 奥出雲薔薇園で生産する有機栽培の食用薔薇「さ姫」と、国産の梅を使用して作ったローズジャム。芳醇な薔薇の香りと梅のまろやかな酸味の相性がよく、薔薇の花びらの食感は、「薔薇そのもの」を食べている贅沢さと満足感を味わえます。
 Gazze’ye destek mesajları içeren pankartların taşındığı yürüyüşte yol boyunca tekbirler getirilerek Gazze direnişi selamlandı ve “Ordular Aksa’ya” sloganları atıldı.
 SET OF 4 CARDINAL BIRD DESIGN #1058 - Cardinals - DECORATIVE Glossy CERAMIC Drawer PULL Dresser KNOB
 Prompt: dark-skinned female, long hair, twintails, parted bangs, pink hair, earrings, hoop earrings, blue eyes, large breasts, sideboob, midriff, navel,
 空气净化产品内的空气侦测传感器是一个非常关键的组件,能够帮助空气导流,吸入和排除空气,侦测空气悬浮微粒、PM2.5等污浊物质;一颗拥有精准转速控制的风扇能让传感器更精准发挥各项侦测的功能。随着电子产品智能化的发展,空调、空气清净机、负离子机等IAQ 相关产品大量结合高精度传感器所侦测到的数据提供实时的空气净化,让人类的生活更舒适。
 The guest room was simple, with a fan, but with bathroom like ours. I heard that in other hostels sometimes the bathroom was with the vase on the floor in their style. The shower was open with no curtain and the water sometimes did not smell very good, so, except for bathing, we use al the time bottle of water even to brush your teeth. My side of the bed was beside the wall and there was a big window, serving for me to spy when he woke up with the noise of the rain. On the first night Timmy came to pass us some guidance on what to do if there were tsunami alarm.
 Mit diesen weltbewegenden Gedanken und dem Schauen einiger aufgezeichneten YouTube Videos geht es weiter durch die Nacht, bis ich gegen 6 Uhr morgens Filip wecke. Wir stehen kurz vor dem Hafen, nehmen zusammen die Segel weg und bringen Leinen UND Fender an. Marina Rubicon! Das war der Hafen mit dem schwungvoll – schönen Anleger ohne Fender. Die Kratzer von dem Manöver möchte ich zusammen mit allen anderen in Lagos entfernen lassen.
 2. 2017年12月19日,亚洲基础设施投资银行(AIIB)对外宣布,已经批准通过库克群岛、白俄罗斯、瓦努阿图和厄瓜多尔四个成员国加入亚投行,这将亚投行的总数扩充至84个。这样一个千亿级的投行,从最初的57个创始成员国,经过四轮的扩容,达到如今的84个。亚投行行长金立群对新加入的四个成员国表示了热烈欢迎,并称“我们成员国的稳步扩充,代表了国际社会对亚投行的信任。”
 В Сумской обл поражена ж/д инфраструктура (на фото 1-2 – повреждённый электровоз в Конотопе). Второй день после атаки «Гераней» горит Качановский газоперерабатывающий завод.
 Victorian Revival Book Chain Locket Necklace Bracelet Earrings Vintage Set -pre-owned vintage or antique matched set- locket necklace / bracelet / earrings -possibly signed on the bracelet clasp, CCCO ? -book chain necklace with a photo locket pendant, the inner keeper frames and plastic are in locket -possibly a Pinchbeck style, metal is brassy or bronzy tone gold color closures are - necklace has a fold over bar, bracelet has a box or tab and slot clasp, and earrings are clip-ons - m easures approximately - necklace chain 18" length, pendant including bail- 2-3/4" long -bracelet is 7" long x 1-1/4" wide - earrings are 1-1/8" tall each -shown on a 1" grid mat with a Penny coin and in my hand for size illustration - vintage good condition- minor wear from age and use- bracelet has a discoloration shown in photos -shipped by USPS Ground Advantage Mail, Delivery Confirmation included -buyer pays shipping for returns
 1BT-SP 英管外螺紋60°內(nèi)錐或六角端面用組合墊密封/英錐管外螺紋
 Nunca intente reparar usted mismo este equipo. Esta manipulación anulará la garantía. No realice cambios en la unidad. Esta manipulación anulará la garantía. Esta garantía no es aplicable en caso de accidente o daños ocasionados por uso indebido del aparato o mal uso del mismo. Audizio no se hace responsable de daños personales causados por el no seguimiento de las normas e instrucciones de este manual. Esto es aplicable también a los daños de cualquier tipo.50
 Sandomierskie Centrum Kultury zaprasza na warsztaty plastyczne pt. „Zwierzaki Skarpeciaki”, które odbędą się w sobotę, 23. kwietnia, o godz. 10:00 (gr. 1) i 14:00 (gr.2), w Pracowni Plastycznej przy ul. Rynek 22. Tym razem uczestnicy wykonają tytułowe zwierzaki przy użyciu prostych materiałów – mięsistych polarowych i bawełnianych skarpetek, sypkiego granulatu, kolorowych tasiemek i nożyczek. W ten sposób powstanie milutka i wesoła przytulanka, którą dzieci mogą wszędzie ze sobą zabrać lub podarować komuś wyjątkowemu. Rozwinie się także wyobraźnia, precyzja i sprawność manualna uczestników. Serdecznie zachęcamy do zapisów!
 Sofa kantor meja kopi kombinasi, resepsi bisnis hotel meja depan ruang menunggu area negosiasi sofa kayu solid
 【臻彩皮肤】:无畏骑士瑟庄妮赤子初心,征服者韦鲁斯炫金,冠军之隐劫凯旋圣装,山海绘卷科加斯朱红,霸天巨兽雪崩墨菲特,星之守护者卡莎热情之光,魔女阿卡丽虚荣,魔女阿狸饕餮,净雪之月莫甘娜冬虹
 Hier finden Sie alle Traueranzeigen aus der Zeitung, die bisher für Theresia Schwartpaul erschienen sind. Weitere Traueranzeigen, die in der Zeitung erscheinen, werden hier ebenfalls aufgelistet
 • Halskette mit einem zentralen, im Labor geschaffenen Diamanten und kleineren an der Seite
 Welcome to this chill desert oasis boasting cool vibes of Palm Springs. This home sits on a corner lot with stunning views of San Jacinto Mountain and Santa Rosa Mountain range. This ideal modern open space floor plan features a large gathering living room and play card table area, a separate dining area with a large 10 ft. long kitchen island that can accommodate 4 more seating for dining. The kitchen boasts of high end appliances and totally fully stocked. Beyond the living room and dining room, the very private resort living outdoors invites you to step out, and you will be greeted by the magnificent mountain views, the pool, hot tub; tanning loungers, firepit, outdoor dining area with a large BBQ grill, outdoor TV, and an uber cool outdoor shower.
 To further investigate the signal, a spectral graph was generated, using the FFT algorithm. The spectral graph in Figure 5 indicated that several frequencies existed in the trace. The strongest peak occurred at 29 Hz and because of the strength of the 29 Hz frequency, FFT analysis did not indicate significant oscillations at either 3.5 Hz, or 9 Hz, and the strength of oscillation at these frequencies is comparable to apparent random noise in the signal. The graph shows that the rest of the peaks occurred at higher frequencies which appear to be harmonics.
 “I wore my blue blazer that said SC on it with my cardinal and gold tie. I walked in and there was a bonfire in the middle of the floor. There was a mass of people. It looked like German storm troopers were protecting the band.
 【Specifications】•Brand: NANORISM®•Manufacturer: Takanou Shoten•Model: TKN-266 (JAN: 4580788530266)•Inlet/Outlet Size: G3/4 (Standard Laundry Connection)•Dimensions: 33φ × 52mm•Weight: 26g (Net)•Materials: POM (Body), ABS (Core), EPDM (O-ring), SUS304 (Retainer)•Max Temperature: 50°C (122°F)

TO DO: Give back exactly the lines of the listing above that run from the line with "Mit diesen weltbewegenden" to the line with "Nunca intente reparar", inclusive.

THE ANSWER:
 Mit diesen weltbewegenden Gedanken und dem Schauen einiger aufgezeichneten YouTube Videos geht es weiter durch die Nacht, bis ich gegen 6 Uhr morgens Filip wecke. Wir stehen kurz vor dem Hafen, nehmen zusammen die Segel weg und bringen Leinen UND Fender an. Marina Rubicon! Das war der Hafen mit dem schwungvoll – schönen Anleger ohne Fender. Die Kratzer von dem Manöver möchte ich zusammen mit allen anderen in Lagos entfernen lassen.
 2. 2017年12月19日,亚洲基础设施投资银行(AIIB)对外宣布,已经批准通过库克群岛、白俄罗斯、瓦努阿图和厄瓜多尔四个成员国加入亚投行,这将亚投行的总数扩充至84个。这样一个千亿级的投行,从最初的57个创始成员国,经过四轮的扩容,达到如今的84个。亚投行行长金立群对新加入的四个成员国表示了热烈欢迎,并称“我们成员国的稳步扩充,代表了国际社会对亚投行的信任。”
 В Сумской обл поражена ж/д инфраструктура (на фото 1-2 – повреждённый электровоз в Конотопе). Второй день после атаки «Гераней» горит Качановский газоперерабатывающий завод.
 Victorian Revival Book Chain Locket Necklace Bracelet Earrings Vintage Set -pre-owned vintage or antique matched set- locket necklace / bracelet / earrings -possibly signed on the bracelet clasp, CCCO ? -book chain necklace with a photo locket pendant, the inner keeper frames and plastic are in locket -possibly a Pinchbeck style, metal is brassy or bronzy tone gold color closures are - necklace has a fold over bar, bracelet has a box or tab and slot clasp, and earrings are clip-ons - m easures approximately - necklace chain 18" length, pendant including bail- 2-3/4" long -bracelet is 7" long x 1-1/4" wide - earrings are 1-1/8" tall each -shown on a 1" grid mat with a Penny coin and in my hand for size illustration - vintage good condition- minor wear from age and use- bracelet has a discoloration shown in photos -shipped by USPS Ground Advantage Mail, Delivery Confirmation included -buyer pays shipping for returns
 1BT-SP 英管外螺紋60°內(nèi)錐或六角端面用組合墊密封/英錐管外螺紋
 Nunca intente reparar usted mismo este equipo. Esta manipulación anulará la garantía. No realice cambios en la unidad. Esta manipulación anulará la garantía. Esta garantía no es aplicable en caso de accidente o daños ocasionados por uso indebido del aparato o mal uso del mismo. Audizio no se hace responsable de daños personales causados por el no seguimiento de las normas e instrucciones de este manual. Esto es aplicable también a los daños de cualquier tipo.50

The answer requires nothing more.